When you reach the line that contains "זמינות אמיתית, ליווי", begin copying exactly and continue through the last line below. Do not copy pictures.

○ ○ ○ ○ ○ ○ ○

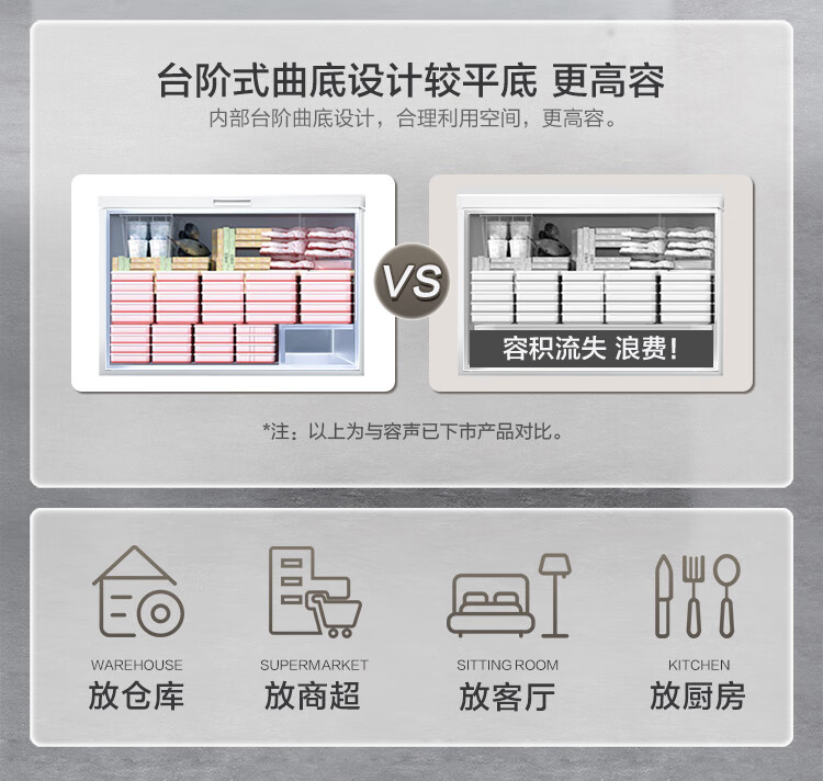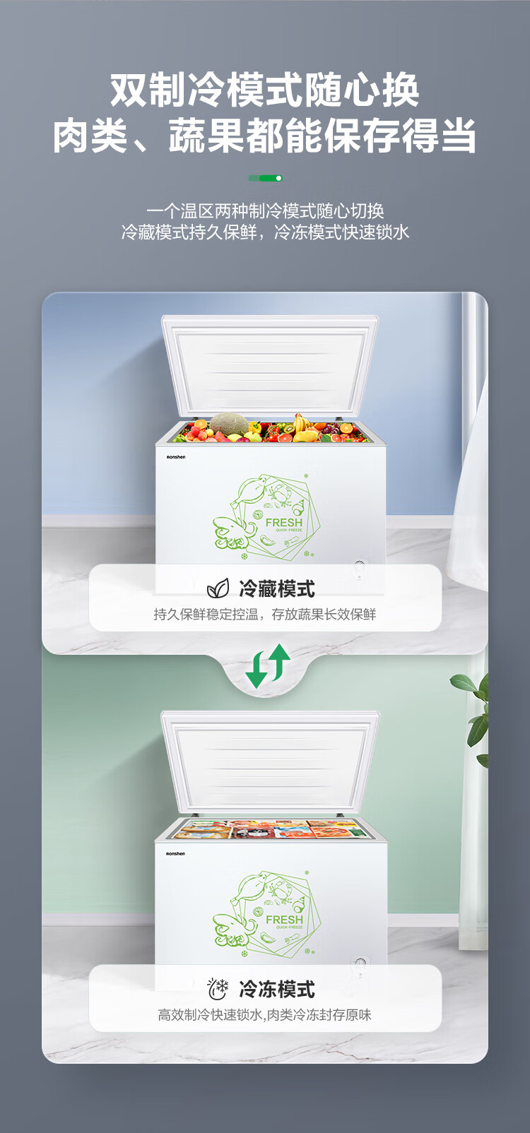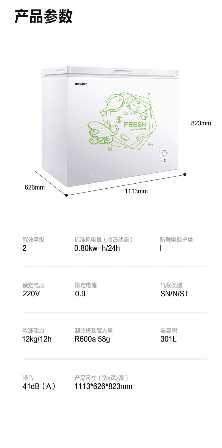容声(Ronshen) 301升 大容量冰柜 家商两用 冷藏冷冻转换 单温冷柜 厨房雪糕冰箱 大冷冻力BD/BC-301MA
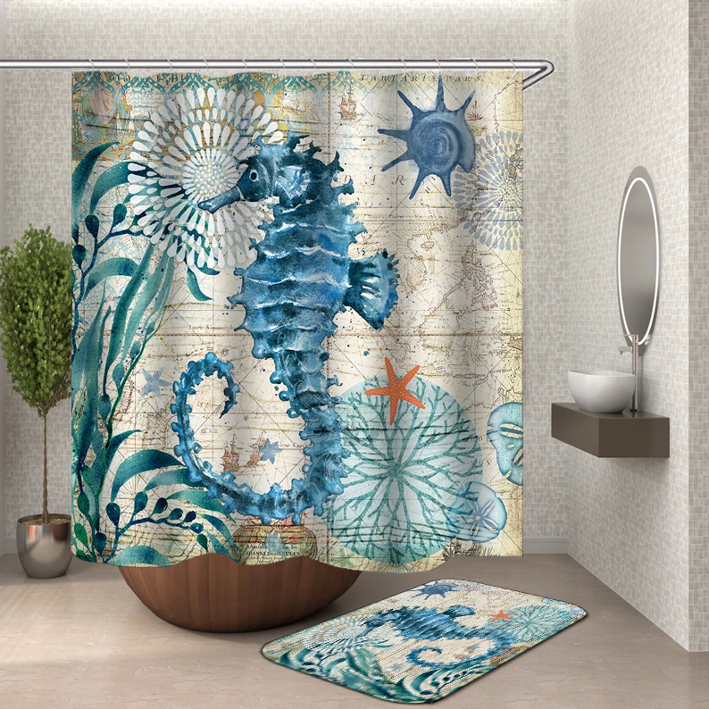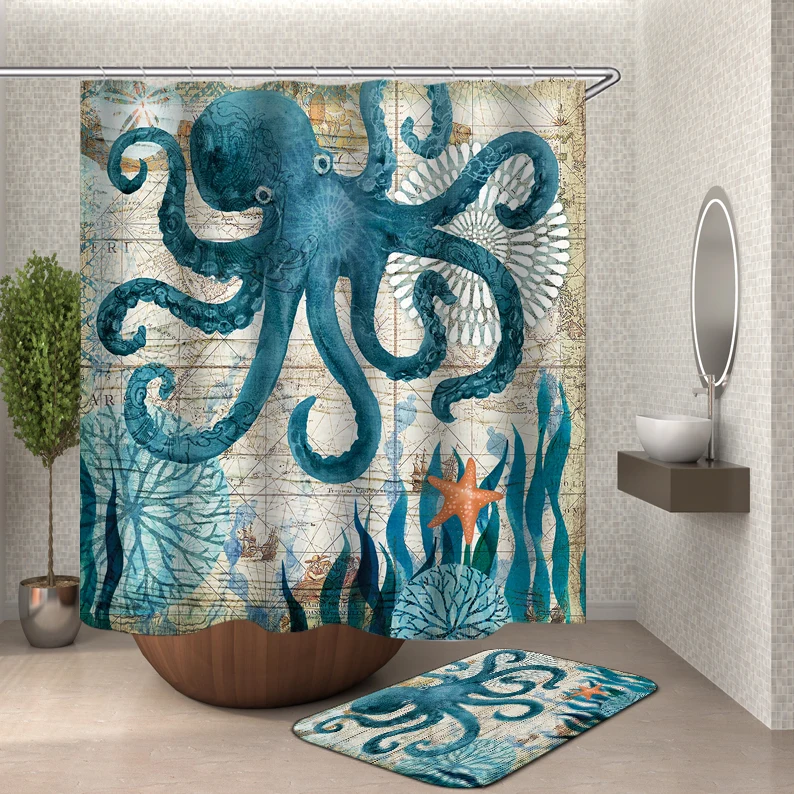 Водонепроницаемая занавеска для душа Miracille, шторка в виде морской черепахи Осьминог для дома, занавеска s с крючками, шторка из полиэстерной ткани или коврик для ванной комнаты
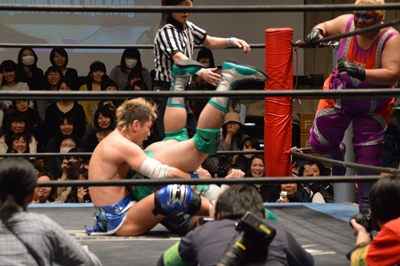 ディーノが「いっぱーつ」と腰を突く、大石がリングサイドからキック(右写真)。
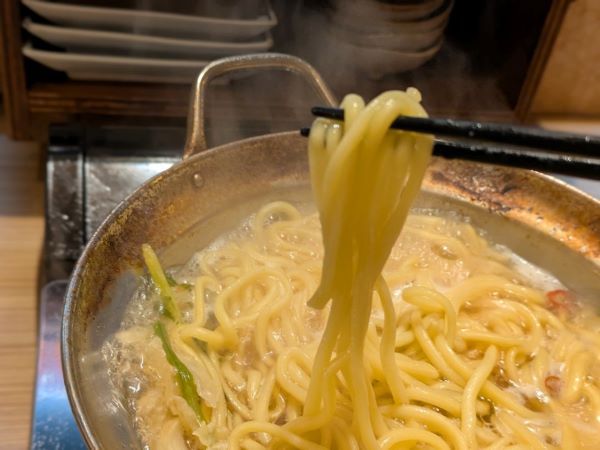 しめは、「めん」か「雑炊」が選べます。今回はお勧めの「めん」(250円)をグツグツ煮込んでいただきます。絶品スープがしみ込んだ「ちゃんぽん麺」入りの鍋を、最後の1本1滴までおいしくいただきました。
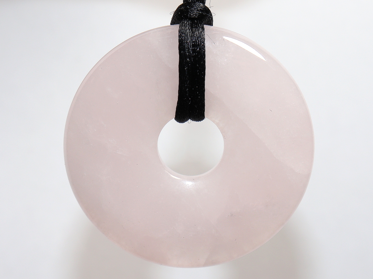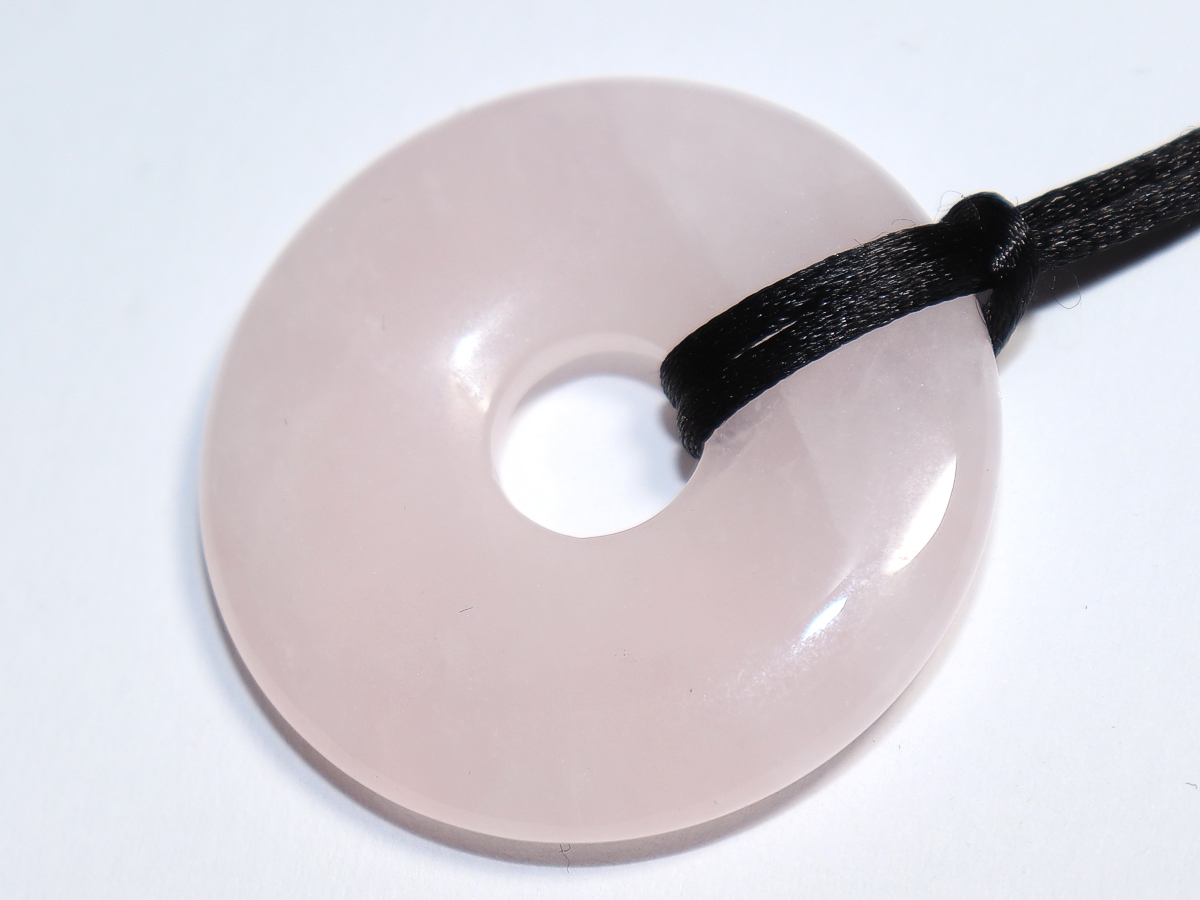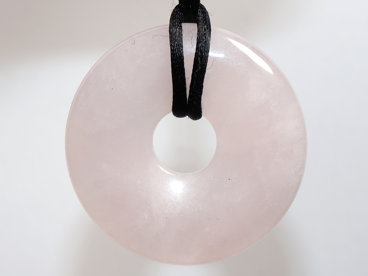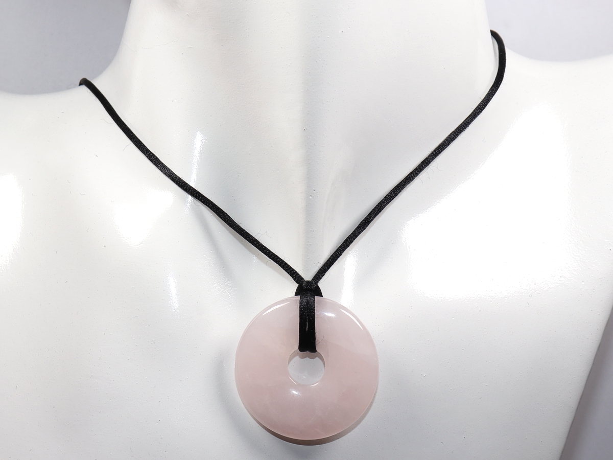 Die Halskette mit dem Donut aus Rosenquarz und einem schwarzen Band wird nach Ihren Angaben individualisiert. Der Verschluss ist aus Edelstahl.
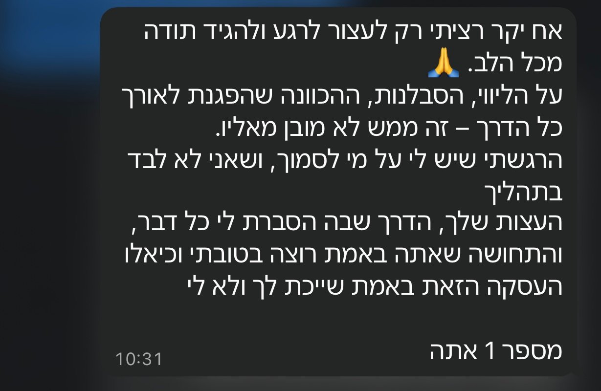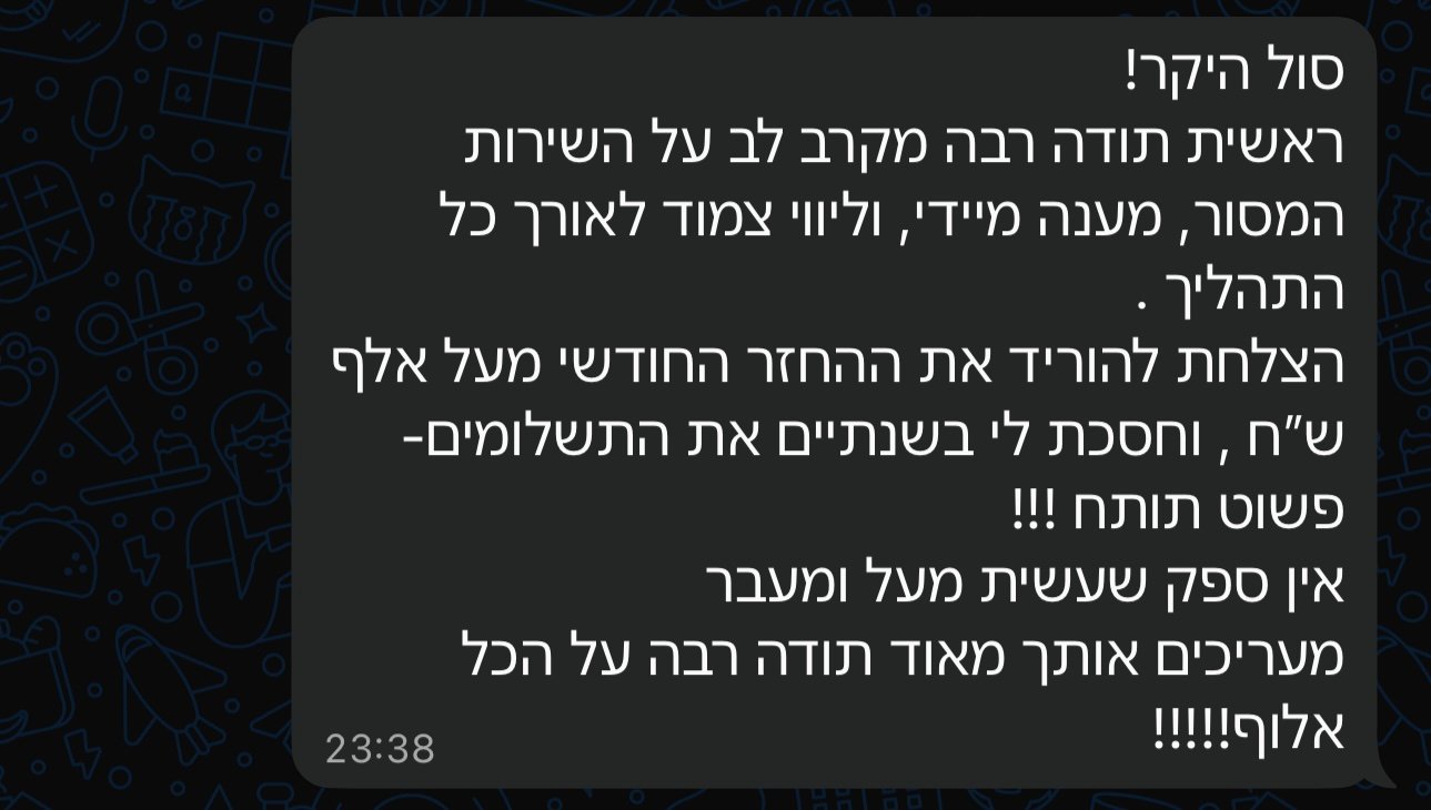 זמינות אמיתית, ליווי אישי, תשובות ברורות – בלי מוקדים ובלי נציגים באמצע.
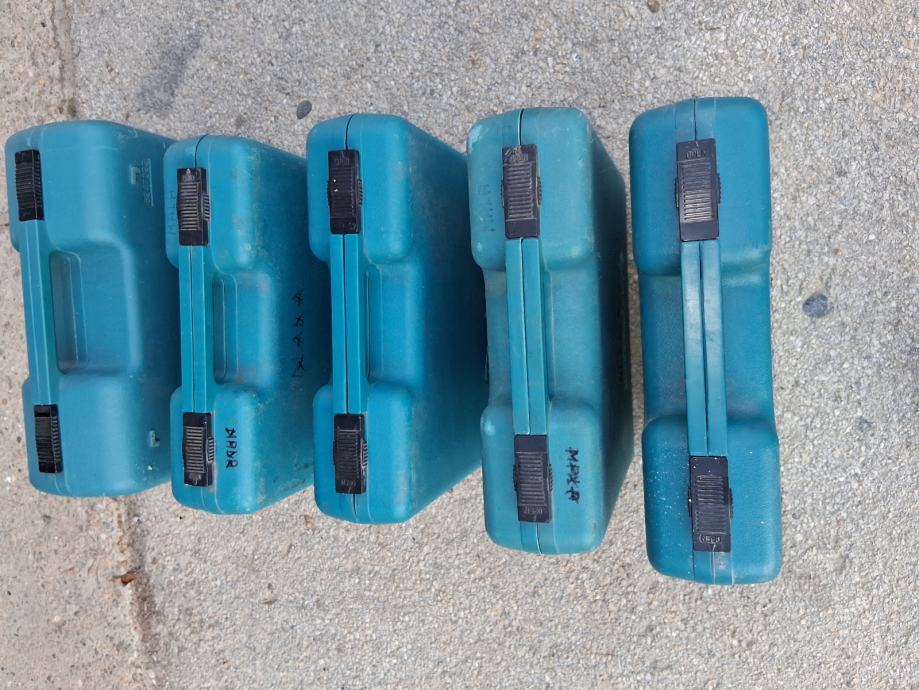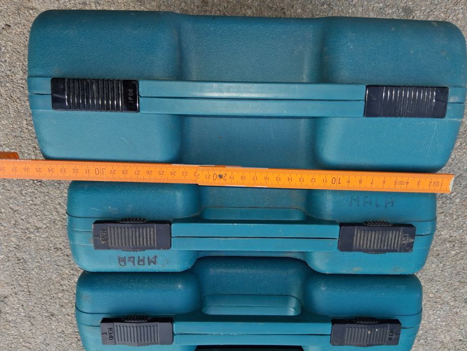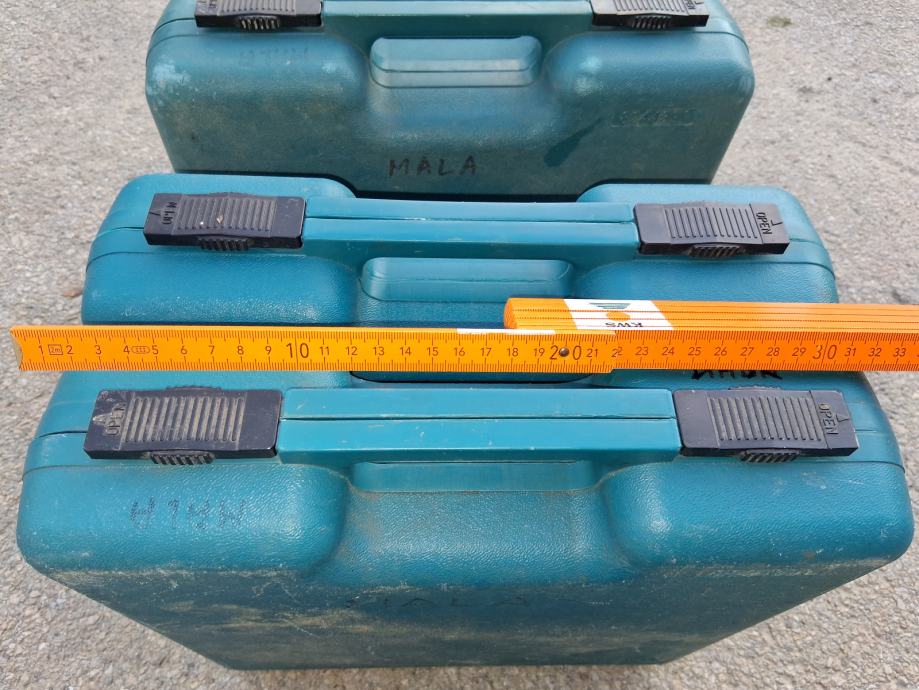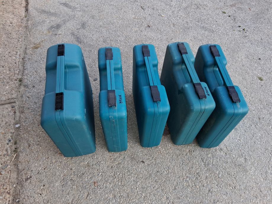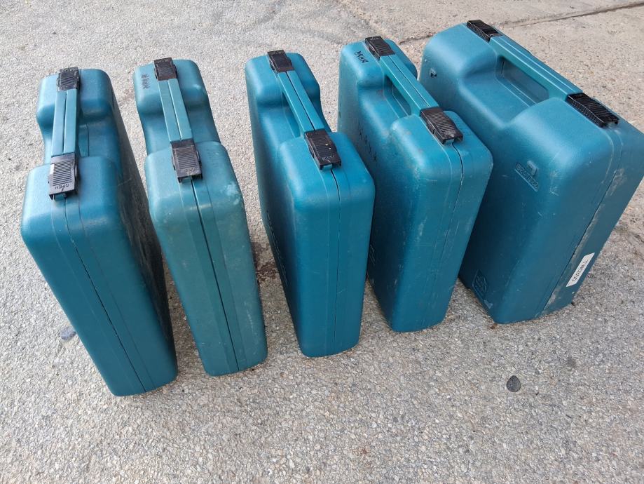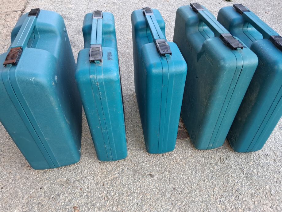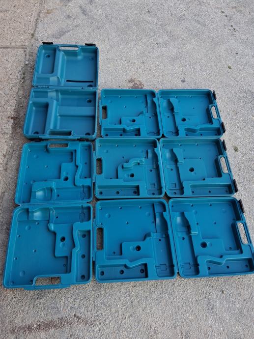 Prodajem 5 kofera za alat, 4 su potpuno isti a jedan je nesto veci. Čvrsti su, nisu puknuti, imaju pregrade, zatvaranje kopcama je ispravno. Veci 7 e, 4 manja po 6 e.
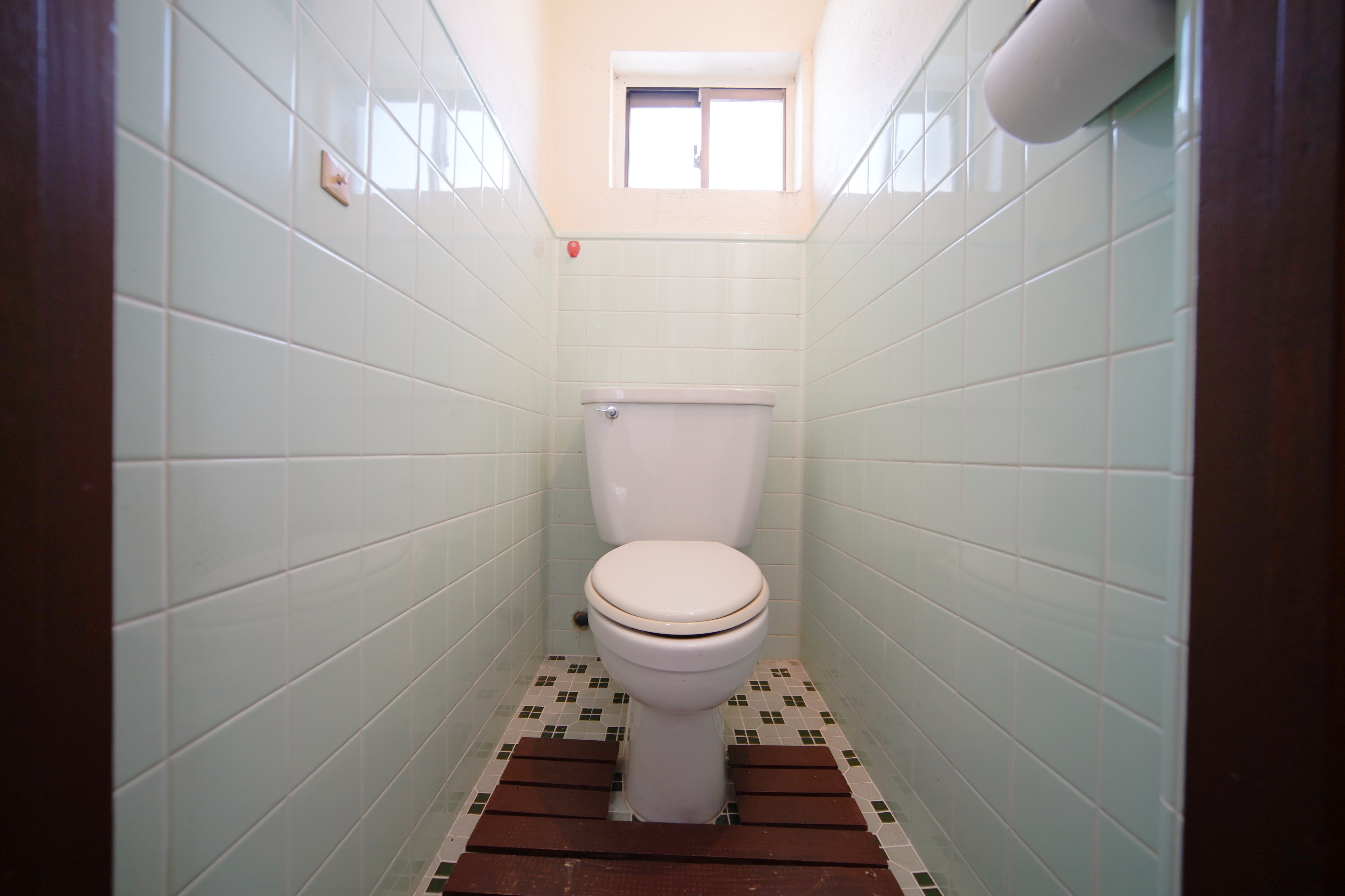 玄関ドアを開けますと、床には真っ黒タイプの丸石タイル。すぐ横にはお手洗い。なんと、洋式便器と小便器も完備。

○ ○ ○ ○ ○ ○ ○

*Result below*:
 זמינות אמיתית, ליווי אישי, תשובות ברורות – בלי מוקדים ובלי נציגים באמצע.
 Prodajem 5 kofera za alat, 4 su potpuno isti a jedan je nesto veci. Čvrsti su, nisu puknuti, imaju pregrade, zatvaranje kopcama je ispravno. Veci 7 e, 4 manja po 6 e.
 玄関ドアを開けますと、床には真っ黒タイプの丸石タイル。すぐ横にはお手洗い。なんと、洋式便器と小便器も完備。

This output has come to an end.